● Problem details:
In the entries that follow, the first line to write out is the one containing "- Les enpon", and the last is the one containing "This Button-Front Smocked". Reproduce that stretch exactly, with nothing before or after it.

● Data extract:
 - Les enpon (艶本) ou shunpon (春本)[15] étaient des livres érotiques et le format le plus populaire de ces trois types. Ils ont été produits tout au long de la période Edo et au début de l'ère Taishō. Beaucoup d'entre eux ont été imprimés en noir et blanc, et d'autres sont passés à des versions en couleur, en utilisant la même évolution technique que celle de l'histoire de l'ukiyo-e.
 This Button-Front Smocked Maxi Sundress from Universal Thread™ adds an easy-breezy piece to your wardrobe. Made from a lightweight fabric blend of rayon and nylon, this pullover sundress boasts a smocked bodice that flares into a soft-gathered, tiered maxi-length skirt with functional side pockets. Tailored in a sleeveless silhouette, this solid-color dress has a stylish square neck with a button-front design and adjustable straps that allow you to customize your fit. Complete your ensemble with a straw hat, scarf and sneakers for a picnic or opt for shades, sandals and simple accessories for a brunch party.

...

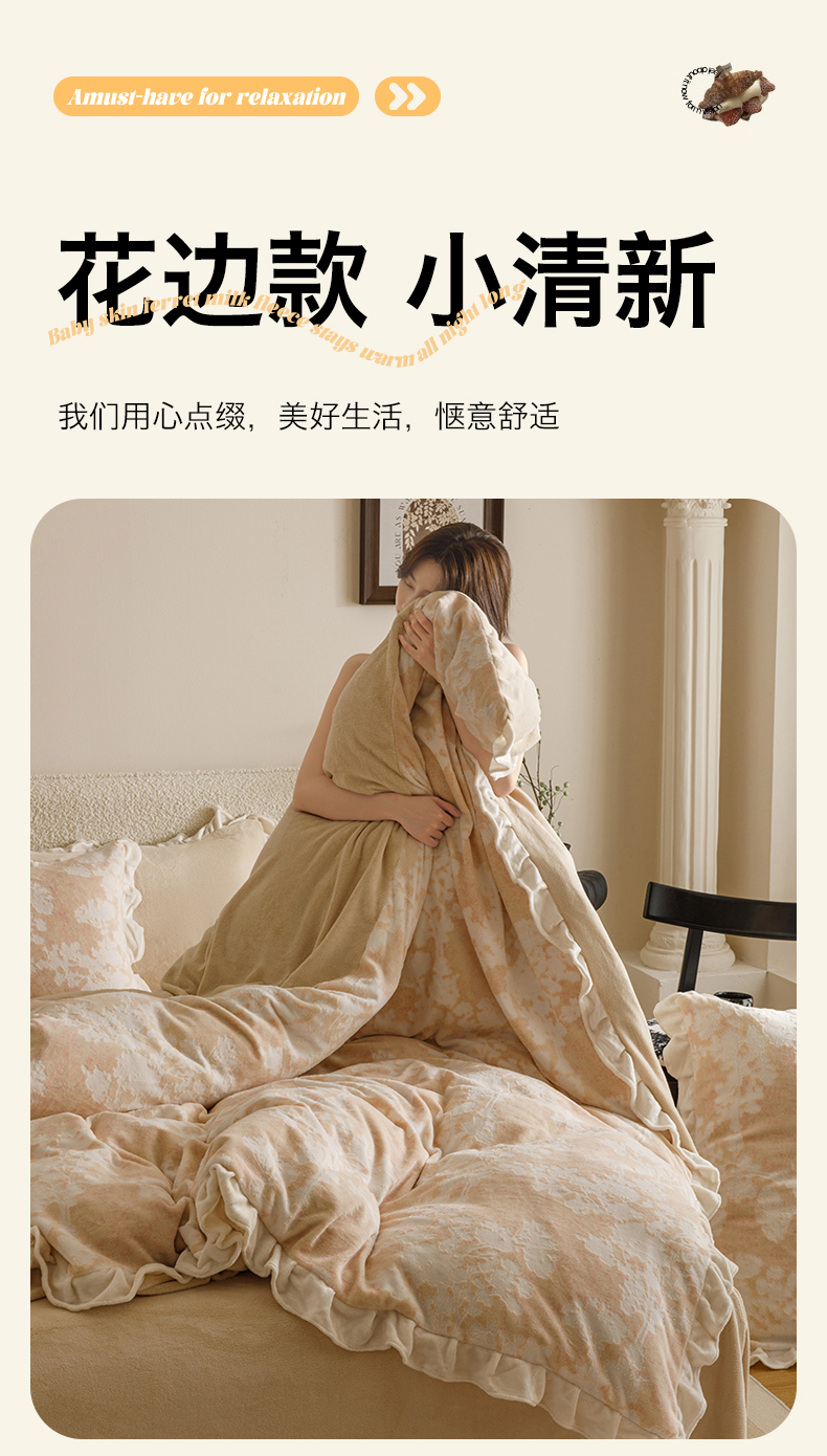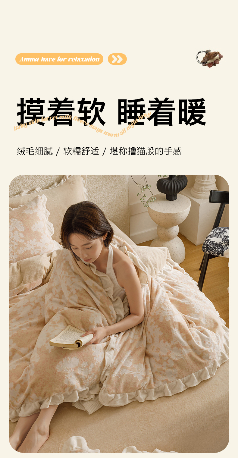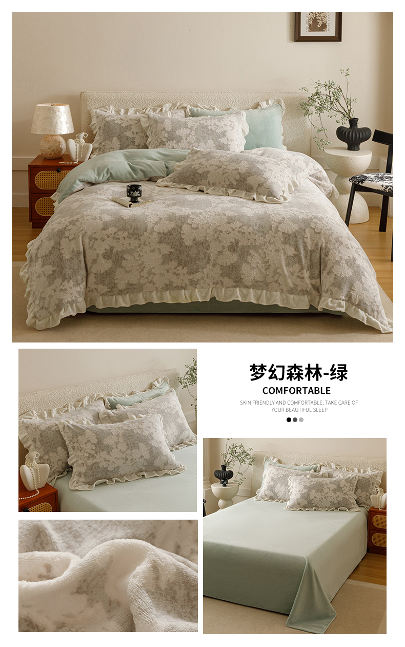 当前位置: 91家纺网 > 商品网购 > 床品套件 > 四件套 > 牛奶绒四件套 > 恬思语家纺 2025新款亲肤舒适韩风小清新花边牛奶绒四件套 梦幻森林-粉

● Result for this task:
 - Les enpon (艶本) ou shunpon (春本)[15] étaient des livres érotiques et le format le plus populaire de ces trois types. Ils ont été produits tout au long de la période Edo et au début de l'ère Taishō. Beaucoup d'entre eux ont été imprimés en noir et blanc, et d'autres sont passés à des versions en couleur, en utilisant la même évolution technique que celle de l'histoire de l'ukiyo-e.
 This Button-Front Smocked Maxi Sundress from Universal Thread™ adds an easy-breezy piece to your wardrobe. Made from a lightweight fabric blend of rayon and nylon, this pullover sundress boasts a smocked bodice that flares into a soft-gathered, tiered maxi-length skirt with functional side pockets. Tailored in a sleeveless silhouette, this solid-color dress has a stylish square neck with a button-front design and adjustable straps that allow you to customize your fit. Complete your ensemble with a straw hat, scarf and sneakers for a picnic or opt for shades, sandals and simple accessories for a brunch party.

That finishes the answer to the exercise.